----- Available data -----

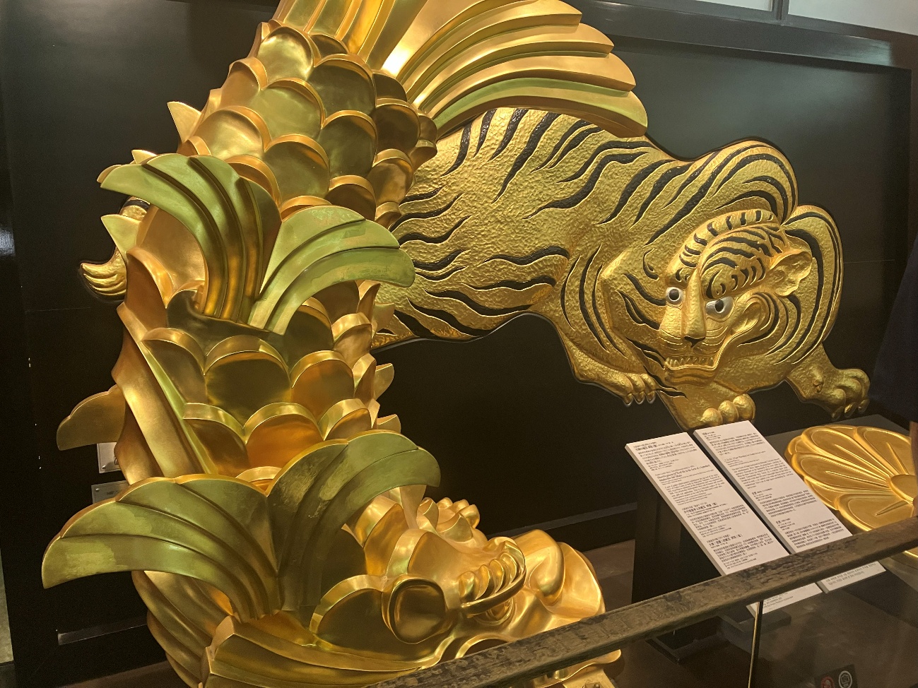 こちらは天守の金シャチと、壁にある虎の造形物だったでしょうか。
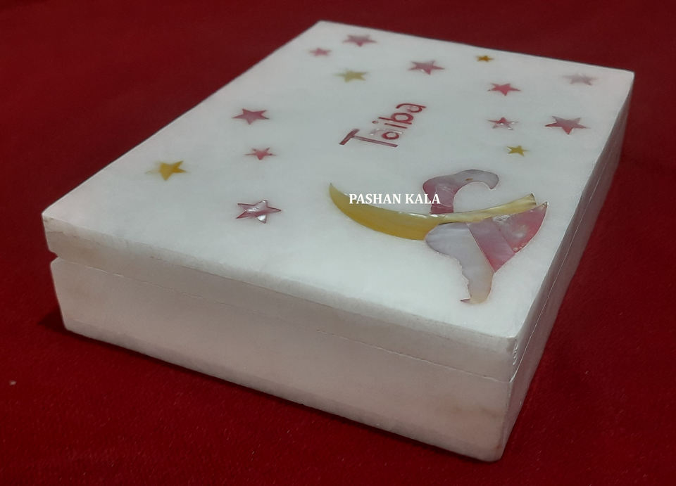 Caja de joyería de nácar con incrustaciones de mármol blanco puro hecha a mano de lujo, forma rectangular con acabado fino para regalo de decoración del hogar
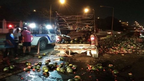 อุบัติเหตุรถกระบะเสียหลักพลิกคว่ำหน้าทางเข้าหมู่บ้านนาโพธิ์
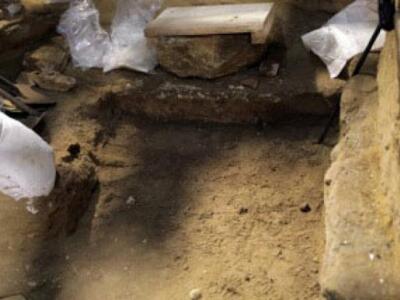1. Προχωρεί η απομάκρυνση χωμάτων από τον τέταρτο χώρο και αποκαλύφθηκε η θεμελίωση των πλαϊνών τοίχων. Η έδραση των τοίχων γίνεται επί τεχνητής επίχωσης, από καλά συμπυκνωμένο αμμοχάλικο με άργιλο, πάχους περίπου 0, 40μ. Η επίχωση αυτή πατά πάνω στο φυσικό έδαφος του λόφου Καστά, το οποίο εμφανίζεται επιφανειακά ως εδαφοποιημένος-κερματισμένος σχιστόλιθος.

-----

> [Assigned task] No pictures should appear in the copy, which holds exactly the lines from the first line of the data through the line with "อุบัติเหตุรถกร" and nothing else.

> [Response area]
 こちらは天守の金シャチと、壁にある虎の造形物だったでしょうか。
 Caja de joyería de nácar con incrustaciones de mármol blanco puro hecha a mano de lujo, forma rectangular con acabado fino para regalo de decoración del hogar
 อุบัติเหตุรถกระบะเสียหลักพลิกคว่ำหน้าทางเข้าหมู่บ้านนาโพธิ์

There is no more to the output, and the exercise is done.